Soccer Haters: Guess Who is in your Rear View Mirror?


Good lord, American fans, how many times have you heard it? "Soccer will never make it in the US" "Soccer is a game for kids and girls" "Soccer fans in America have been saying for years they will catch up" "Soccer tried this in the 70's" "Soccer sucks"...etc.

What the people who suggest “soccer will never be popular in the US” are trying to say is, 'soccer as a professional spectator sport will never be popular in the US'. Near term - probably, long term - maybe, never - highly unlikely.

What most conscious people have known for about a decade or so now is that football is the most popular participation team sport (approx. 18 million) in the US and the numbers are still trending upward.

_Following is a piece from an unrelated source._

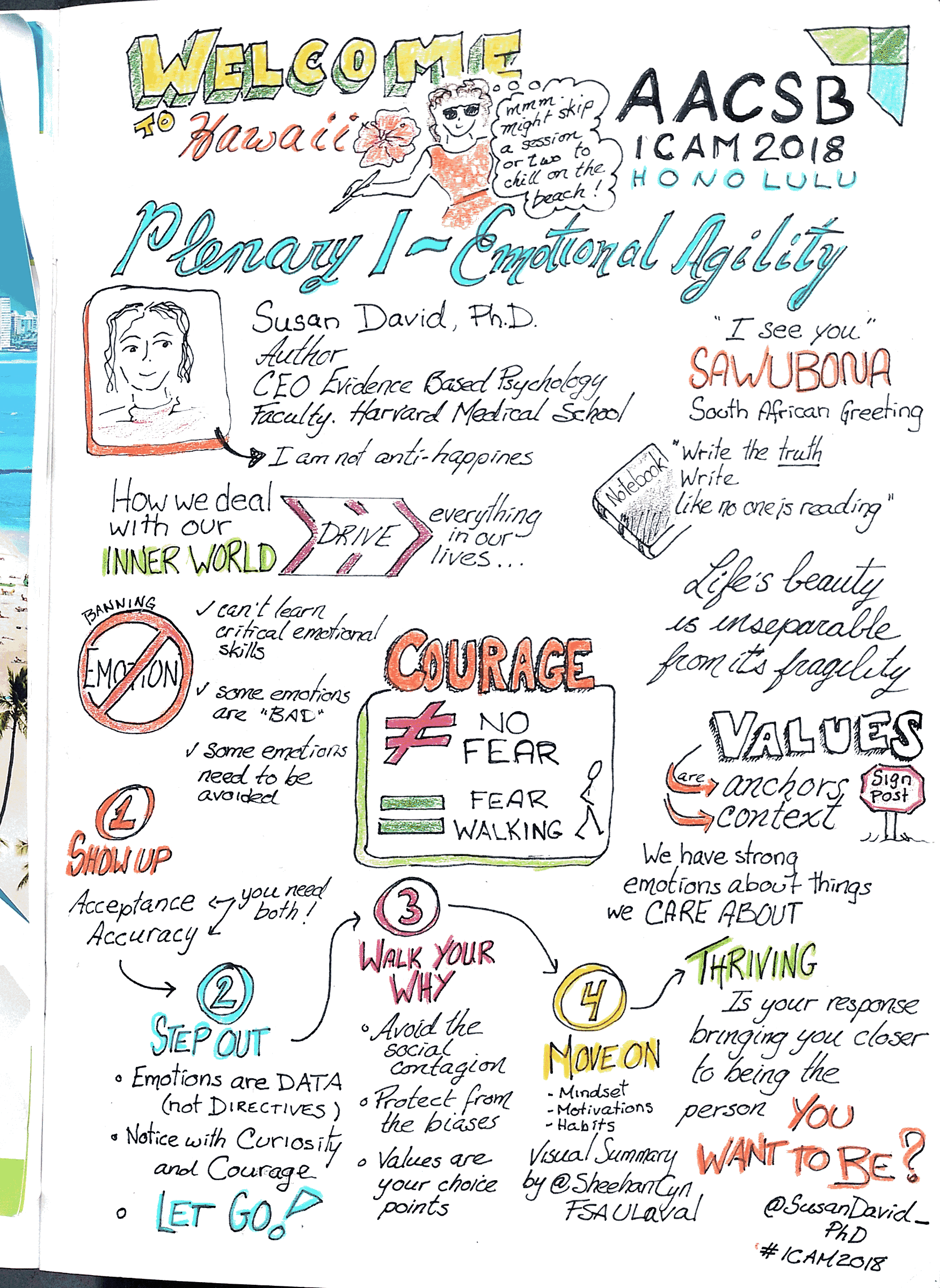 Sketchnote of ICAM Plenary session on Emotional Agility by Susan David, Honolulu 2018 AACSB. Sketchnote by Cynthia Sheehan

One may not find a statistical correlation between participation and spectatorship in the US; but overall the game makes more sense to more Americans than ever. What does that mean? It means for the first time in the history of soccer in American, there are people who have spent their lives playing and watching football, who are having children and raising those children with a deep understanding of the game.

When I played as a kid in the 1970s, our coaches were our fathers. Our fathers, through no fault of their own, knew nothing about soccer. There was never a match on television, never a professional team to latch on too, never a program in high school to try, and so on. The history is captured nicely that Beach Boys classic, Be True to Your School:
"I got a lettermans sweater
With a letter in front
I got for footbal and track
Im proud to where it now"

Yet our dads did their best, they persevered, they bought what few books they could find, they attended what few coaching classes were offered. And somehow, kids like me learned to play this game and learned to love it!

The popular spectator US sports will still benefit from a long and storied social and cultural history that football in the States just does not have – i.e., peanuts at the ballpark, tailgating and Superbowl parties, binge drinking at your NCAA game, saturated television coverage and the massive advertising machine behind it, etc.

But the "generational understanding gap" is closing. Unprecedented numbers of soccer fans can all sit at the pub and enjoy a match, confident we understand exactly what to look for. Add to that unprecedented access via cable and internet to great leagues and great players all over the world and decent leagues in the US, and the sport that my father (and mother) didn’t even have the chance to play, will continue to grow in cultural significance, albeit slowly.

Finally, factor in the influence of immigration on US US culture and you begin to see some serious handwriting on the wall.

For all the naysayers who insist the game will never arrive in the States, I say it depends on how your measuring. If you look at the numbers and not the dollars. you will discover that the beautiful game has been here for quite a while. 18,000,000 players and growing, can’t be wrong.